Я его понимала. Всё время находиться человеком в запертой комнате удовольствие сомнительное, логично, что он хотел бы немного больше свободы. Или много, но тайная прогулка по замку могла плохо для нас закончиться.
– Я подумаю, – примирительно сказала я, ничего не обещая.
– Мы будем очень осторожны, – просиял сыч.

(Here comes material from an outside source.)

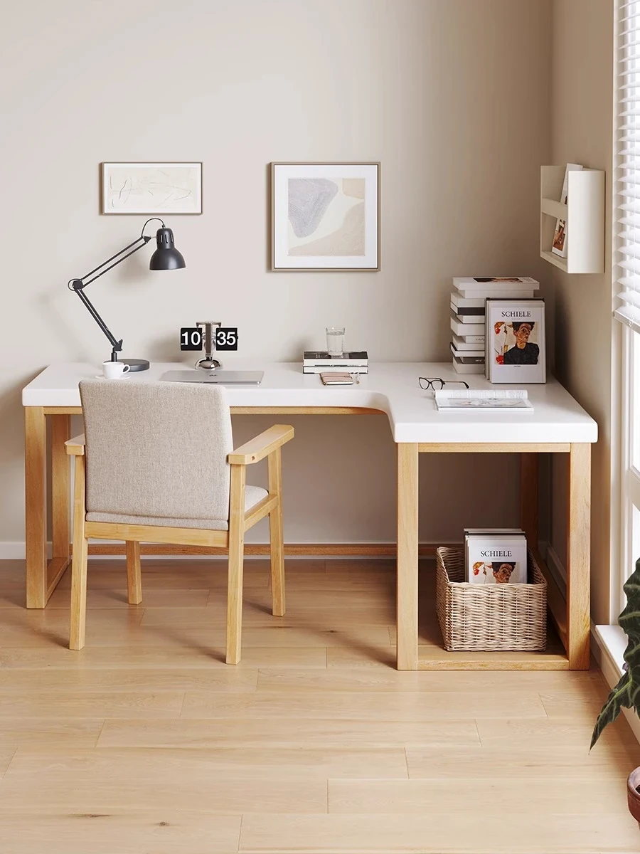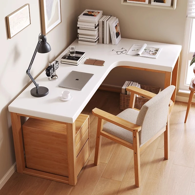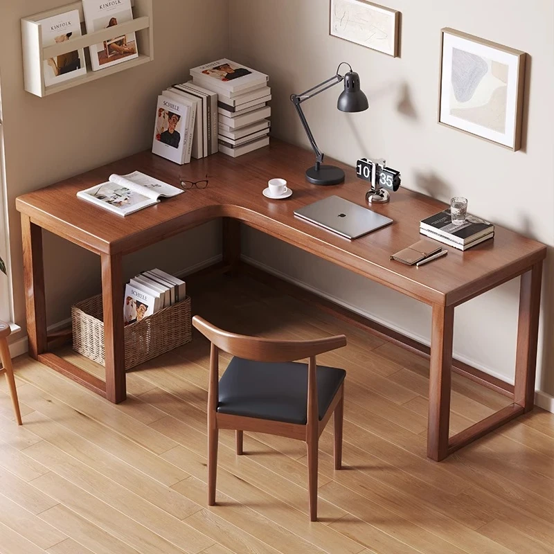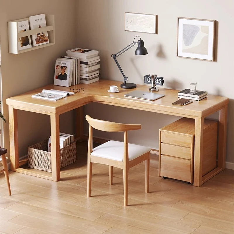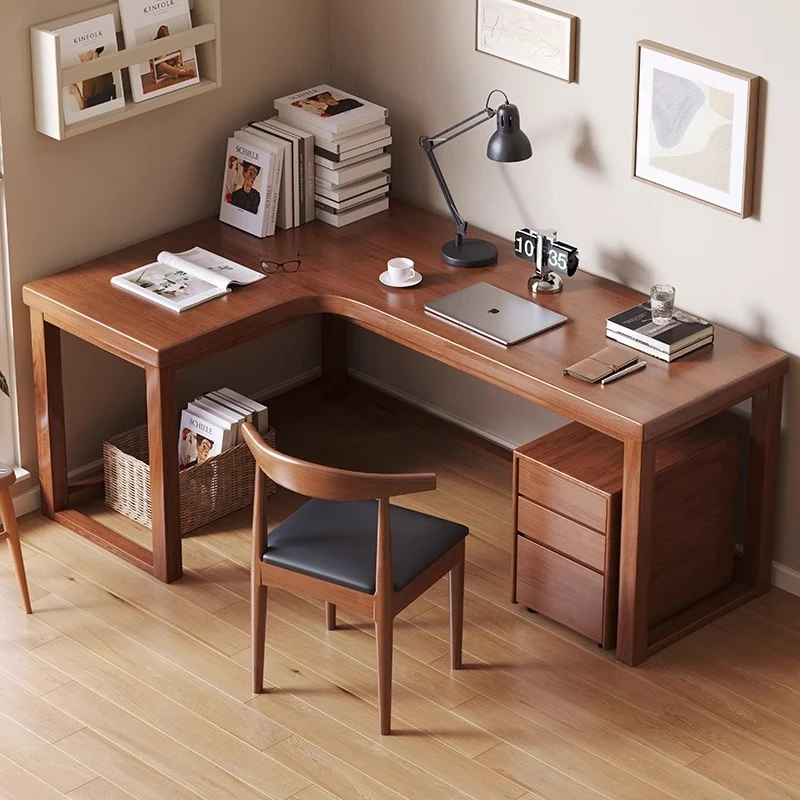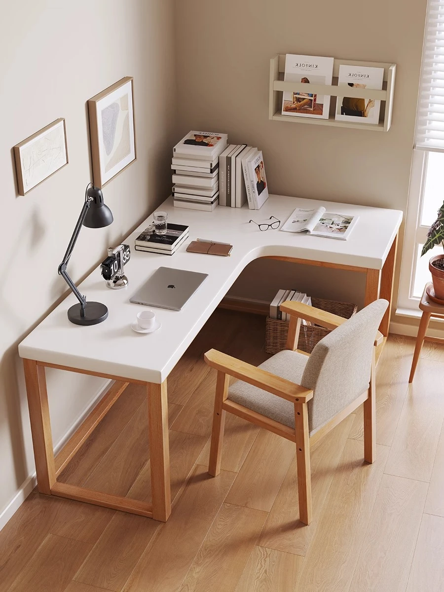 ワノウ実木L型コーナーデスク&チェアセット|スタイリッシュなワークスペース|寝室向けの壁付書き物デスク|デスクトップPCにも最適!

И всё-таки точной минуты, обозначающей переход из человеческого тела в хрупкое совиное, он не знал. Я снова считала пасмурные дни и беззвёздные вечера, волновалась, когда птиц улетал надолго, отгоняла дурные сны. Запретила себе думать о плохом, зная, как он носился там, над обрывом, но чаще всего ложилась спать, дождавшись возвращения пернатого друга. Протягивала ладонь, и маленький сыч осторожно ступал лапками, подставлял голову под порцию нехитрой ласки.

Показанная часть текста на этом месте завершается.